Travel may or may not broaden, but it certainly throws a man in on himself. In travels throughout the civilized world over a long period of years I have endured boredom as painful as any hazard faced by an Arctic explorer. Men who travel on business find associates at journey's end, and these sometimes care for them after 6 in the evening, often with booze, sometimes with birds. But businessmen usually want to talk business even after hours, and their wives, if one meets them, can be hazards.
For the true tourist, friends are the only real remedy for the loneliness of the long-distance traveler. Preferably they are people one has known at home, but I have made many friends in transit, and some of them have endured. One must be wary, however, not so much of the cardsharp or the thug as of the bore. Bores can kill you faster than cancer or loneliness.
I have developed some rules for making or avoiding acquaintances while traveling. With an Englishman, I never speak first. I simply wait patiently for a polite fate to make the introduction. Soon some tiny thing will occur, like a shade in a railway compartment suddenly jumping up, or the necessity to pass a drink or a plastic lunch on an airplane, and before you know it the Englishman is chattering away. With a Russian it is difficult to talk at all, not so much because of the language barrier as because of the suspicion—unless you have been cleared for conversation by the Kremlin.
In Japan in 1920 a small man in a large bowler hat and Western costume came up to me, bowed, hissed and said, "Ah, I am gentleman traveling for pleasure." A longtime American resident of Japan later told me that that was the rigid remark of the detective/spy, and they always dressed according to the local idea of American plainclothesmen picked up from the movies of that era.
The Chinese were less intrusive and more distant—one never got to know them. The French rarely bothered a tourist except in the pursuit of his dollars, trying to sell him the traditional "feelthy pictures" along the Avenue de l'Opéra, or offering to exchange bogus francs for traveler's checks. In Naples in the 1920s you would likely be offered a 14-year-old girl by a man with a mouthful of gold teeth who had relatives in "Cheecargo."
At 6 o'clock in the evening in any foreign city one is generally thoroughly footsore and tired of oneself. The cafés of France are then a godsend, as are the pubs of England and the cafés of Berlin's Kurf√ºrstendamm. New York's numerous bars are not nearly so attractive, but at least they are ports in the storm of loneliness. The theater and cinema in London are great refuges. Paris for an American is not so valuable unless his ear for French is well-nigh faultless. French performances all sound to a foreign ear like Corneille or Racine except when they are tout nu.
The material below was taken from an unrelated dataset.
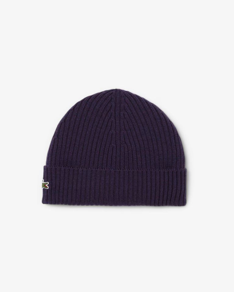 Lacoste Berretto in lana spazzolata a costine Viola

Sports are the great anodyne for the traveler. I have watched with pleasure tennis at Wimbledon, horse racing at Epsom, Ascot, Goodwood and Sandown, as well as at Longchamp, Chantilly, Saint-Cloud and Maisons-Laffitte. I have been appropriately stirred and horrified by bullfights in Seville and Figueras. I even lost 30 rubles the day after May Day in 1930 at Moscow's harness track.
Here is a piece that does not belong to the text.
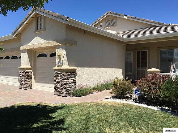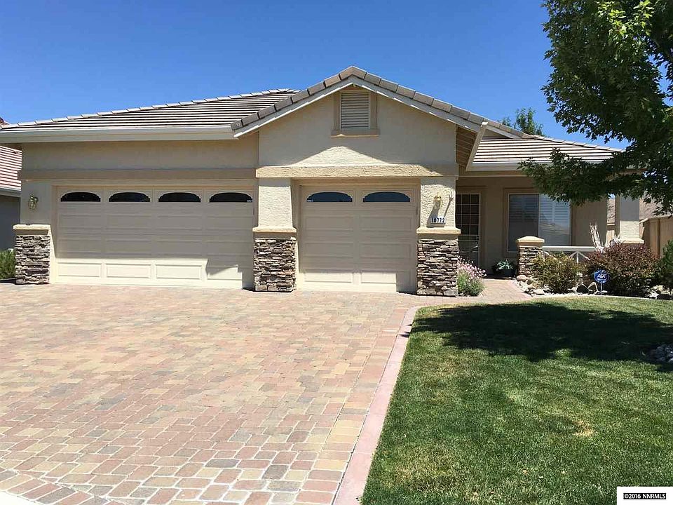 Absolutely Lovely and beautifully cared for Damonte Ranch single story home.This home comes with Fridge,Washer, Dryer, Big Screen TV, Audio and Video equipment! A TRUE 3 car garage with lots of shelving and 2 openers, a Paver Driveway with in ground lights, and slate front porch,PLUS ledgestone on front of home. Beautiful full covered patio so you can enjoy the back yard,and the home backs to walking path so no homes directly behind. Great East Foothill views from the back,and Mt. Rose from the front porch. Inside this gorgeous, light and bright home, there is extensive easy care tile flooring, designer window coverings, quartz slab counters in kitchen, upgraded maple cabinets, a gas cooktop and double ovens plus a pantry. There are built in bookcases in the family room, a built in desk in the kitchen. French doors and cabinets in the front bedroom which is perfect if you use for an office, but there is a closet so can be used as a bedroom. There are mirrored closet doors in the 3rd bedroom, and ceiling fans throughout, plus lots of extra recessed lighting, and under cabinet lights in kitchen. Damonte Ranch has miles and miles of walking trails, this home is within walking distance to Damonte HS, just minutes from shopping, freeway and Summit Mall. This is a beautiful mature neighborhood with larger homesites and elbow room that is so hard to find today. This home also has full gutters, paver walkway all around, was painted on exterior a just a few years ago with upgraded stucco paint. There is a rented water softener and an alarm. NO HOA,only landscape maintenance, and Damonte Ranch Drainage maintenance associations.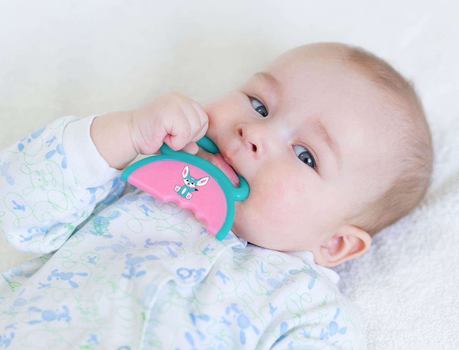 - Podaj dziecku coś do gryzienia. Najlepsze będą do tego gryzaczki. Zabawka powinna być większa niż usta malucha, aby nie doszło do zadławienia.

The worst baseball game I ever saw was in 1924 on a cricket field outside London between two traveling American conglomerate teams. The English did not seem to understand the game any more than we do cricket. Sitting near me was a man who once saw a game in Shanghai between Japanese and Chinese. He was trying unsuccessfully to explain it to a man who knew only cricket and soccer.
Books, magazines and newspapers absorb much of the time of the intellectual tourist. I have enjoyed The Brothers Karamazov during a rainy week in Lugano, Bleak House in Madrid, Shakespeare in the West Indies and D. H. Lawrence's Mornings in Mexico in Moscow. Alexander Herzen's memoirs kept me happy in Paris and London in 1924 during a wet winter. Mark Twain was a great help one summer in Shanghai. He was also pertinent. In 1920, when I was there, Shanghai was an amalgam of prickly heat and steam. In Following the Equator Mark Twain noted that the difference between a warm day in Calcutta and a hot one was that on a hot day the brass doorknobs melted in your hand, but on a warm day they were merely mushy.
For some of us, museums are a solace while traveling abroad. At home in New York I rarely find enough time to visit them, but put me down in a foreign city and I make straight for the Tate, the Prado, the Palazzo Vecchio, the Hermitage or the Louvre. The relief of art from aloneness, however, is only temporary and indigestion soon sets in. Taking in a whole museum, especially one of the dimensions of those I have mentioned, is like eating seven first courses, eight entrees and 15 desserts.
I suppose the best antidote for the loneliness of the long-distance traveler is either to take along a wife or find a substitute en route. But that has its hazards. As Walt Kelly, the creator of the comic strip Pogo, once wrote about women: "[they are] a sometime ornament, never to be taken seriously nor on long trips."